* _WHAT THE TASK REQUIRES_: Return every line of the data below exactly, but do not include the images.

* _AVAILABLE DATA_:
━━━━━━━━━━

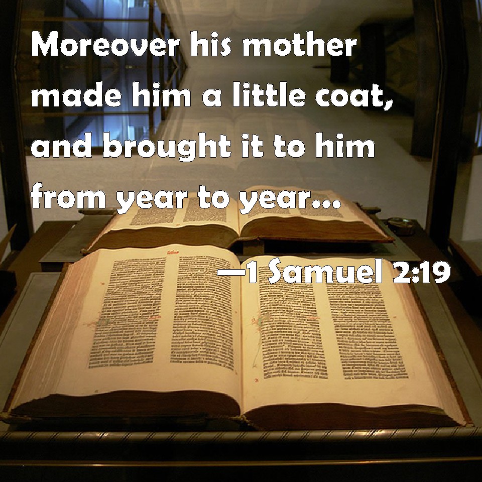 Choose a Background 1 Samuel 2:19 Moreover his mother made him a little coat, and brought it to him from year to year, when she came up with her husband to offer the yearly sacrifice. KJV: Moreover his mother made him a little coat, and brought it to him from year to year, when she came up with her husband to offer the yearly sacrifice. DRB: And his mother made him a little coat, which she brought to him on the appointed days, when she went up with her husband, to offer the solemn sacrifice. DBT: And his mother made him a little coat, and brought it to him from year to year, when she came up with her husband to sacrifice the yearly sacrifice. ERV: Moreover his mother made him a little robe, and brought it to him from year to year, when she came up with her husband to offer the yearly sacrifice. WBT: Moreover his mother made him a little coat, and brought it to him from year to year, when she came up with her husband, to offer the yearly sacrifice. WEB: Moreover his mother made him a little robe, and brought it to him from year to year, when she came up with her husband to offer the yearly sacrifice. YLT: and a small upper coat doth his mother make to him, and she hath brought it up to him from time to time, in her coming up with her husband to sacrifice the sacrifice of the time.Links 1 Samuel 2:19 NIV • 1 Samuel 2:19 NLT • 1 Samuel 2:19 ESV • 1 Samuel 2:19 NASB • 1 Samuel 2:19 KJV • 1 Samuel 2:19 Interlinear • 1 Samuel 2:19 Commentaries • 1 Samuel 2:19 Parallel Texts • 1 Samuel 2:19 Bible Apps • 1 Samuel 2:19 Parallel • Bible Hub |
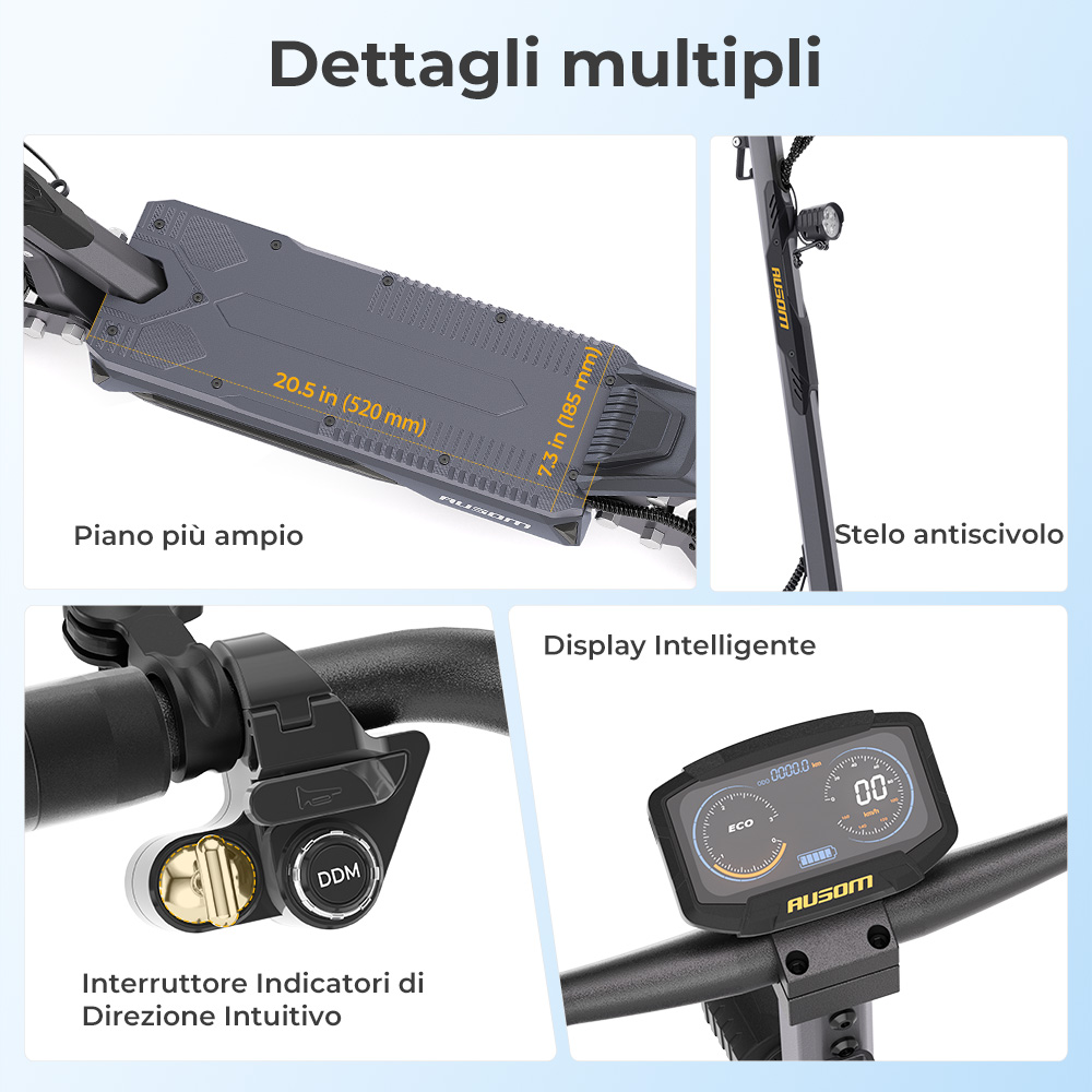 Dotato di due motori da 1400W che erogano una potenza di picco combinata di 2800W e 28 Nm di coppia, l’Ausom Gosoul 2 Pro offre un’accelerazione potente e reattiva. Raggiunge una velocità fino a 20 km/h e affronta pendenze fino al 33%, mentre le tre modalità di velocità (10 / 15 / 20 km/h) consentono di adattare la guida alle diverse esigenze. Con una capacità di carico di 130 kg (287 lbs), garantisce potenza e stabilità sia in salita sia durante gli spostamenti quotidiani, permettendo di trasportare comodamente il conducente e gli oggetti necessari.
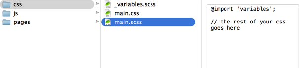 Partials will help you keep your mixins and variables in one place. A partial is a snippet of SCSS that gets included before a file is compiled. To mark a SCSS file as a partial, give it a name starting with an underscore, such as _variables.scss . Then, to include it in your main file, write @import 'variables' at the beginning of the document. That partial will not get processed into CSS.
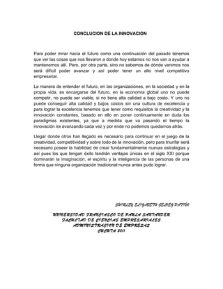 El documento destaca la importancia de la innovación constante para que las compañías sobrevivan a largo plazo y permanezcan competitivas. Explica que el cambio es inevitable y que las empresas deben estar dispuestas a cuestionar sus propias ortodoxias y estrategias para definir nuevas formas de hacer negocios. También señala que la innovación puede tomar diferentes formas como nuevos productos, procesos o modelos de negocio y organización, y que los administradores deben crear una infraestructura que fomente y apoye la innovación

━━━━━━━━━━

* _THE COMPLETED TASK_:
 Choose a Background 1 Samuel 2:19 Moreover his mother made him a little coat, and brought it to him from year to year, when she came up with her husband to offer the yearly sacrifice. KJV: Moreover his mother made him a little coat, and brought it to him from year to year, when she came up with her husband to offer the yearly sacrifice. DRB: And his mother made him a little coat, which she brought to him on the appointed days, when she went up with her husband, to offer the solemn sacrifice. DBT: And his mother made him a little coat, and brought it to him from year to year, when she came up with her husband to sacrifice the yearly sacrifice. ERV: Moreover his mother made him a little robe, and brought it to him from year to year, when she came up with her husband to offer the yearly sacrifice. WBT: Moreover his mother made him a little coat, and brought it to him from year to year, when she came up with her husband, to offer the yearly sacrifice. WEB: Moreover his mother made him a little robe, and brought it to him from year to year, when she came up with her husband to offer the yearly sacrifice. YLT: and a small upper coat doth his mother make to him, and she hath brought it up to him from time to time, in her coming up with her husband to sacrifice the sacrifice of the time.Links 1 Samuel 2:19 NIV • 1 Samuel 2:19 NLT • 1 Samuel 2:19 ESV • 1 Samuel 2:19 NASB • 1 Samuel 2:19 KJV • 1 Samuel 2:19 Interlinear • 1 Samuel 2:19 Commentaries • 1 Samuel 2:19 Parallel Texts • 1 Samuel 2:19 Bible Apps • 1 Samuel 2:19 Parallel • Bible Hub |
 Dotato di due motori da 1400W che erogano una potenza di picco combinata di 2800W e 28 Nm di coppia, l’Ausom Gosoul 2 Pro offre un’accelerazione potente e reattiva. Raggiunge una velocità fino a 20 km/h e affronta pendenze fino al 33%, mentre le tre modalità di velocità (10 / 15 / 20 km/h) consentono di adattare la guida alle diverse esigenze. Con una capacità di carico di 130 kg (287 lbs), garantisce potenza e stabilità sia in salita sia durante gli spostamenti quotidiani, permettendo di trasportare comodamente il conducente e gli oggetti necessari.
 Partials will help you keep your mixins and variables in one place. A partial is a snippet of SCSS that gets included before a file is compiled. To mark a SCSS file as a partial, give it a name starting with an underscore, such as _variables.scss . Then, to include it in your main file, write @import 'variables' at the beginning of the document. That partial will not get processed into CSS.
 El documento destaca la importancia de la innovación constante para que las compañías sobrevivan a largo plazo y permanezcan competitivas. Explica que el cambio es inevitable y que las empresas deben estar dispuestas a cuestionar sus propias ortodoxias y estrategias para definir nuevas formas de hacer negocios. También señala que la innovación puede tomar diferentes formas como nuevos productos, procesos o modelos de negocio y organización, y que los administradores deben crear una infraestructura que fomente y apoye la innovación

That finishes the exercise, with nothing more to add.